If you learn how to grow marijuana properly and give the plants the right
conditions to be grown in, it will give you all it can.


----------



## Newbud (Jun 23, 2009)

skunkworks6988 said:
			
		

> About how much buds (in weight) will a healthy female plant produce?


 
:rofl:  

How long is this?


----------



## ishnish (Jun 23, 2009)

Newbud said:
			
		

> :rofl:
> 
> How long is this?



50 yards?


----------



## Newbud (Jun 23, 2009)

Sorry 
As much or as little as you want is basically the answer.
I have grown micro's at under a foot and monsters at 6ft with the same strain.
Too many variables i.e, strain, indoor, outdoor, and environment etc.
If you got no clue your looking at scraps if you do the homework and put in the effort its almost up to you lol.
There will be a limit to what  plant will do but given big enough environment for roots to grow, the right treatment and a long enough veg time almost anything is possible


----------



## Newbud (Jun 23, 2009)

ishnish said:
			
		

> 50 yards?


----------



## skunkworks6988 (Jun 23, 2009)

50 yards... I was going to say at least 100! Those are pretty long! 

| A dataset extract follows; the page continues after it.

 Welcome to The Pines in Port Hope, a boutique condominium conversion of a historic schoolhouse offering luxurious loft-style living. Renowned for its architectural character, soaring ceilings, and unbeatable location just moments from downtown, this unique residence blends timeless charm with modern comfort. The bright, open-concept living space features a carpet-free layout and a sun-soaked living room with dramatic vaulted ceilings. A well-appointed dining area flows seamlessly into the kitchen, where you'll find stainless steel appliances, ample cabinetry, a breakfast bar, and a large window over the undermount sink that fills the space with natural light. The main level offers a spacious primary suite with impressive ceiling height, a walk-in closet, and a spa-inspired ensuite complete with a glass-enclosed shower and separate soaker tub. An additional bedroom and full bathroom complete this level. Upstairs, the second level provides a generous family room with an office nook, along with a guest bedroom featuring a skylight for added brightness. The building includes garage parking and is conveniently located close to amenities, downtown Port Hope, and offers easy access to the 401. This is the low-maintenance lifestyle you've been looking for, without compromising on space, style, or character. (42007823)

I love the little guy laughing


----------



## Newbud (Jun 23, 2009)

Click Go advanced at bottom of page or post reply and click More under the smilies and theres loads of cool ones :hubba: :48:


----------



## Oregon Bob (Jun 24, 2009)

LOL... funny stuff

To dial in that yarn a little... ;-)

Old school SOG style will likely give you 10-14g each, if done well.  This can be strain dependent to vary between 5g to 20g, so go figure... maybe 0 if total failure...

Mid-sized plants hoping to get 1.5-2.5z per, depending on a lot, and the range can go above/below.

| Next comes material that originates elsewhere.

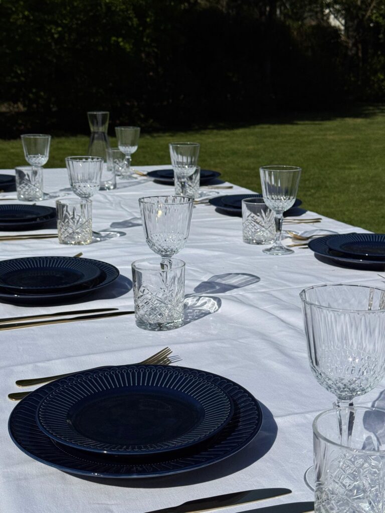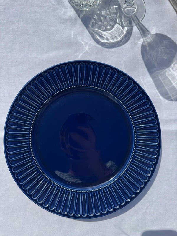 Het blauwe dinerbord groot deluxe is een stijlvol met een feestelijk randje. Aan de rand van het bord zit een reliĆ«f verwerkt. Samen met het blauwe dinerbord klein deluxe vormt dit een mooie set voor verschillende thema’s.

Huge trees outside can be 1.5-2lb per, depending...

So, an e to 2lb depending...  ;-)  Best brah


----------



## fishcabo (Jun 24, 2009)

Huge trees are a sight to behold!


----------



## Newbud (Jun 24, 2009)

Too many variables.
Mine have only been one strain as yet ( should be picking up my Barneys Sweet Tooth seeds tomorrow ) but,,,
After doin 12/12 from cuttings, micro's, single cola SOG style ( but just on 3 plants as an trial so i know what to expect on a planned future grow  ),
4 to 5 footers untrained ( which i'd basically call a mid size plant ) and now on to multi cola 6 footers ( vegged to long lol, oops ) i'd say a SOG wants to be throwing an oz a plant and if not flip to auto's and speak to someone like Hamster Lewis and prepare to smile 
Mid size plants wanna be coughing up 4 oz plus and outside is anyone's guess but i seen some *MONSTERS* on here lol 

Like i said though too many variables, some of the real connoisseur stuff has terrible yields from looking round the seed banks


----------



## Super Silver Haze (Jun 25, 2009)

im surprised this hasnt been said but if your environmental conditions are right then your yield will be more dependant on Lumens per sq ft rather than on the number of plants.

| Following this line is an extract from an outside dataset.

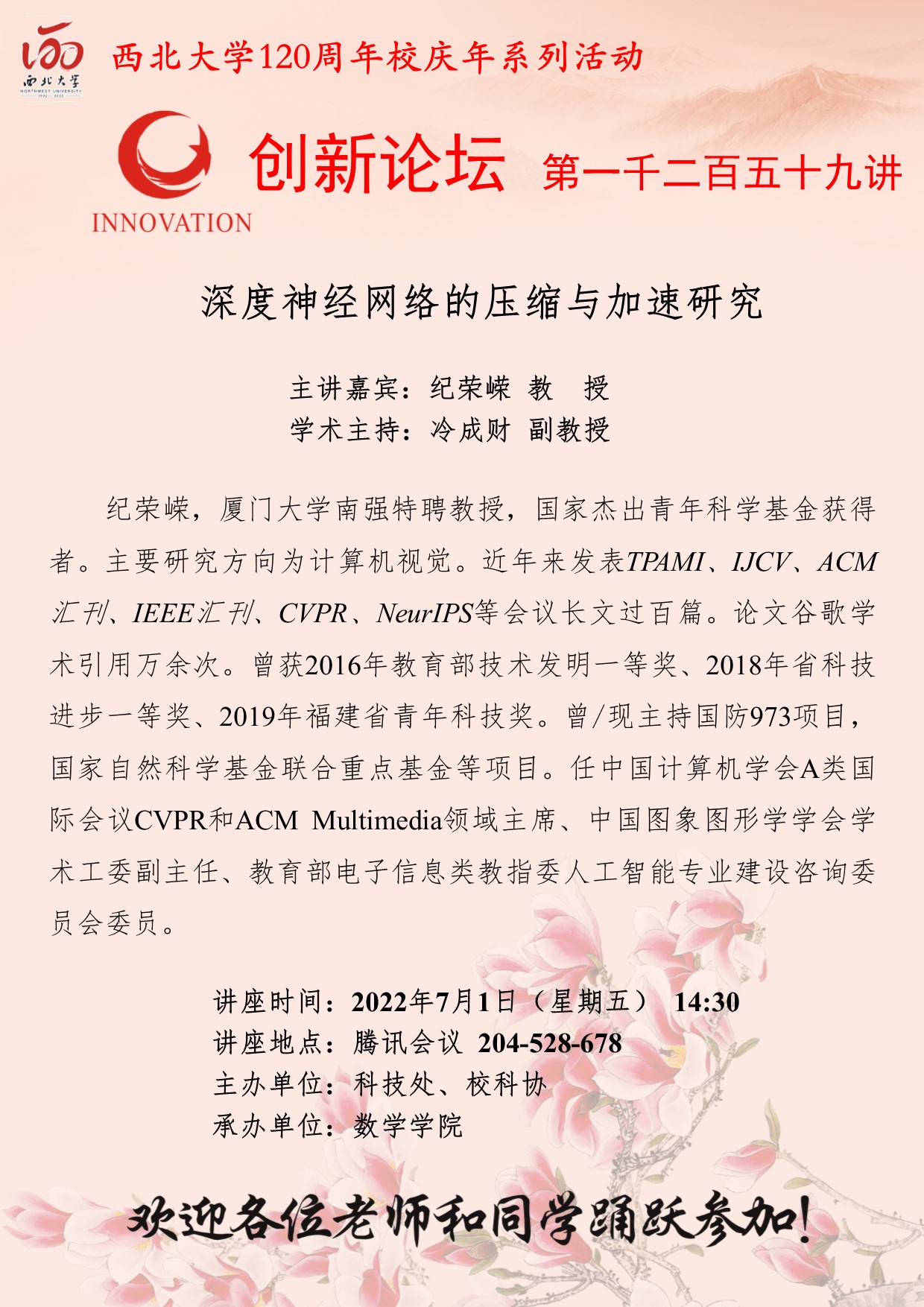 西北大学创新论坛第一千二百六十讲暨120周年校庆年系列活动:从新冠病毒到急性呼吸窘迫综合征

example: 1000 watts HPS.....there are growers that get 1/2 gram per watt of light, regardless if growing 30 plants SOG or 4 LST'ing them.  thats 500 grams dried.

this is my novice understanding so far so take it for what is worth.

ex 2:  i have a 400 watt HPS, 2 plants DWC and ended up with no harvest b/c of my environmental conditions were off.

you have asked a question that can only be answered by harvesting yourself.

good luck and dont expect too much except gaining expirence.


----------



## zipflip (Jun 25, 2009)

Newbud said:
			
		

> :rofl:
> 
> How long is this? View attachment 119503


 
watta smart *** lol  funny tho.:rofl: :rofl:


----------



## Newbud (Jun 25, 2009)




----------



## jmansweed (Jun 25, 2009)

Grams per watt if your indoors. Most strains have an individual limit as to it's maximum production limits. If your goal is .5 grams per watt and your using a 1000 watt light. 500 grams is your production. If your using ten plants lets say, each plant must have a maximum capacity of over 50 grams each to complete your goal. I have frequently completed grows with 1 gram per watt of light. This way of measuring production I have found to be very accurate except out doors where lumens are vastly increased under the sun and a gram per watt equation is out the window


----------